Scholars’ Disputes over The Odyssey’s Ending – Books 23 & 24

Some notable Alexandrian scholars believed that the second half of book 23 and all of book 24 represent a spurious addition to a poem that originally ended at 23.297.

Hmm… lots of passionate/scholarly opinions on this issue by people far more expert, so I’ll venture one opinion without (hopefully) getting bitten.

Though most modern scholars no longer ascribe to the view above, I think that it merits discussion in our readings of Homer’s Odyssey. I believe Homer intended it that way (as in he deliberately composed 23 and 24, afterthought or not…) and I think he had good reasons to.

The last book and a half of the Odyssey change the poem: it adds a nice fable quality/morality tale finish to it.

I think Homer had a great marketing advisor who said, OK, you’ve wrapped this long epic poem, let’s have some inter-textual reference if possible to your other long epic poem so readers will remember your canon and to go read that too. As in cross-referencing the Trojan War, the Iliad.

What would be lost—or gained—by its removal?

I like that 24 ties up some loose ends, with what happens in the father-son reunion not just with Telemachus but also with Laertes. And that the Gods (Zeus no less) surmise what the outcomes will be.

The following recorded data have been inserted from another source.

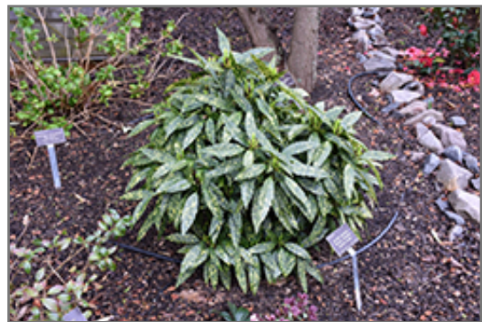
Hosoba Hoshifu Aucuba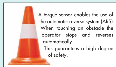
ARS (Automatic Reverse System)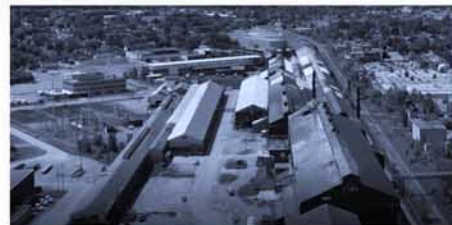
Welland plant, ON-CANADA (Total surface: 339.288 m 2 )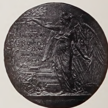
Awarded us many times at the International Flower Show, New York.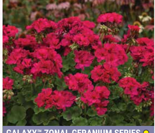
LAXY™ ZONAL GERANIUM SERIES •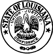
BOBBY JINDAL GOVERNOR

P.O. Box 94245 Baton Rouge, Louisiana 70804-9245 www.dotd.la.gov (225) 379-1947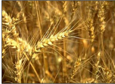
Boaz was pure in his heart toward God. Because of this God blessed him.

Now Boaz had heard of the wonderful things that Ruth had done for her mother-in-law, Naomi, after Ruth's husband had died. He heard that she wouldn't leave her mother-in-law, but stayed with her even when she came to Israel, a land where Ruth had never been before.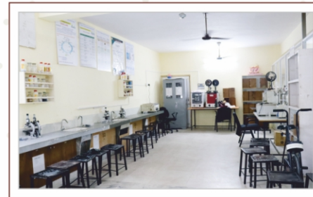
Department of Physiology & Bio Chemistry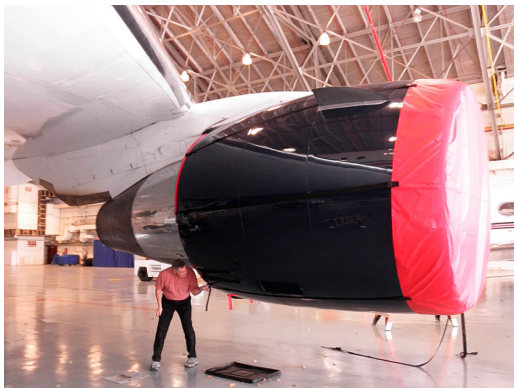
Boeing 767 Intake Covers Ship Set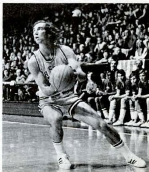
Some are born great, some achieve greatness, and some have greatness thrust upon them. . . (Twelfth Night, ii, 5, 158)

The book kind of started in heaven with Athena conversing with Zeus so there is a nice symmetry in Hermes leading souls to the Underworld, you know, full tour of the cosmos.

24 is probably better in terms of beats than 23 unless Homer was musically into break-beats.

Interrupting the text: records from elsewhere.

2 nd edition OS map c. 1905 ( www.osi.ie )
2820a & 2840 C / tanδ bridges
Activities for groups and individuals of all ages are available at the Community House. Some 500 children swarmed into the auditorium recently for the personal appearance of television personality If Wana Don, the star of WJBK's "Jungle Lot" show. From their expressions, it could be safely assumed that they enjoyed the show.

We’re not left hanging wondering what repercussions are on Ithaca folks after all the violent scenes in preceding pages.

I like that here the suitors are telling Odysseus’ stories to Agamemnon in the Underworld, there is a king of ephemeral/divine quality to Homer’s tale, not just that the muse or the gods talked about it, but the undead as well.

All eternity in all the cosmos. I’m guessing Homer really wanted a legacy to be passed on.

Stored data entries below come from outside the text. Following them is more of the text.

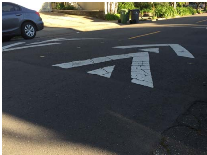
Strategy C Add a Speed Bump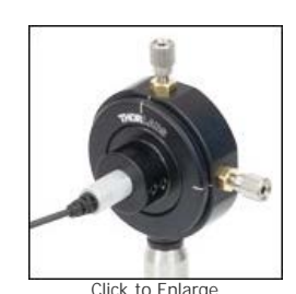
CPS980S Laser Diode Module Held in an AD8F SM1-Threaded Adapter and Mounted into an LM1XY XY Translation Mount

without clipping the beam. This laser module features a 2 to 3 order of magnitude narrower linewidth than our other laser modules, but this comes at the expense of a lower total power output.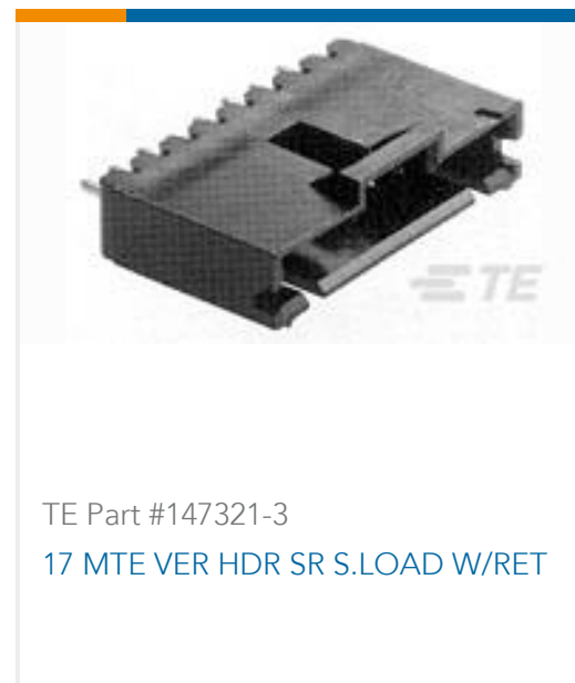
TE Part #147321-3 17 MTE VER HDR SR S.LOAD W/RET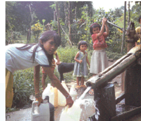
Collecting water for the family. Philippines.

From “Water, An Essential for Life”, a statement issued by the Pontifical Council for Justice and Peace, March 2003. Pope John Paul II also expressed grave concern for protecting water from contamination, improper use, and from exploitation for profit in his message on World Food Day, October 2002.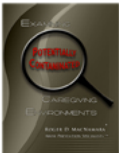
Examining Potentially Contaminated Caregiving Environments $35.00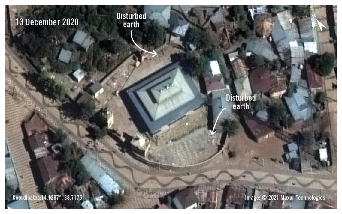
Satellite imagery taken on 13 December 2020 shows new disturbed earth at the Arba'etu Ensessa church in downtown Axum. It was here that, in the aftermath of the massacre, the largest funerals took place.

Two witnesses who spoke to the church authorities at Axum Tsion St Mary church (which encompasses Maryam Zion church proper as well as Arba'etu Ensessa) said 450 identified people were buried in that church alone. The figure excludes people who were buried there but not identified; the dead who were buried in other churches; and those who were buried on the roadside.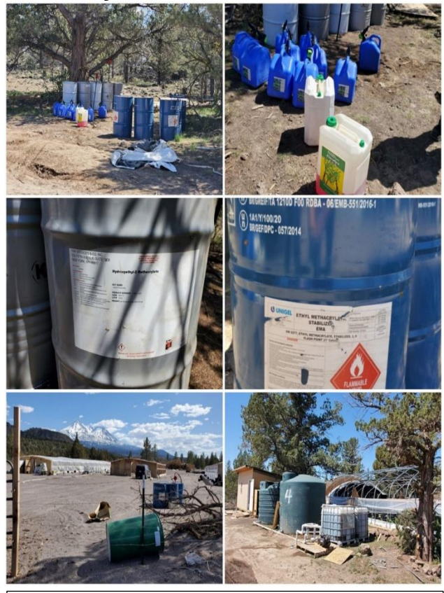
Improper storage and labeling of unknown chemicals and/or red diesel

The use of hazardous chemicals for deterring animals, and the use of fertilizers and pesticides is widespread, penetrating the soil, and eventually seeping into ground water. At this time, no agency is monitoring the numerous chemicals found at cannabis grow sites. Many of these chemicals are known cancer-causing substances. The Grand Jury learned that many of the 55-gallon drums found on grow sites, still labelled with their original chemical content, are being used to store red diesel. Red diesel fuel is an untaxed fuel. This fuel is used to operate generators, heaters, and water trucks. The unknown actual content of these drums possesses a significant risk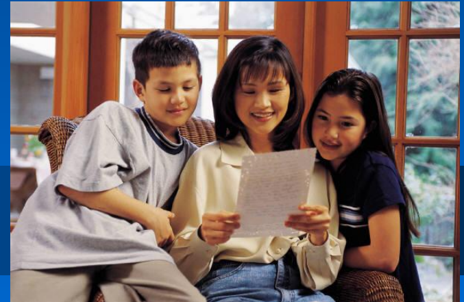
Relationship with the mates

Structuralism and Homer’s Odyssey

How useful is structuralism for analyzing myths?

Structuralism is a very interesting, if too accounting t-ledger type POV, personally, for looking at The Odyssey. It’s useful in that it gives us a really quick and dirty way to find major themes or rules of the game within the narrative. It also establishes the rules of the game, perhaps even a hierarchy – white, food, good; black, not food, bad. Something is higher vs lower on the food chain, something is better than another thing. It definitely gets us curious about oppositions, and perhaps gets us asking even more relevant questions as to why those oppositions are emphasized so much, and why they are even the focus at all. To me, anything with structure also helps me remember key pieces of the story. Did cannibalism happen here? Yes. Were they eaten, or did they eat something? No….

 

What are its limitations?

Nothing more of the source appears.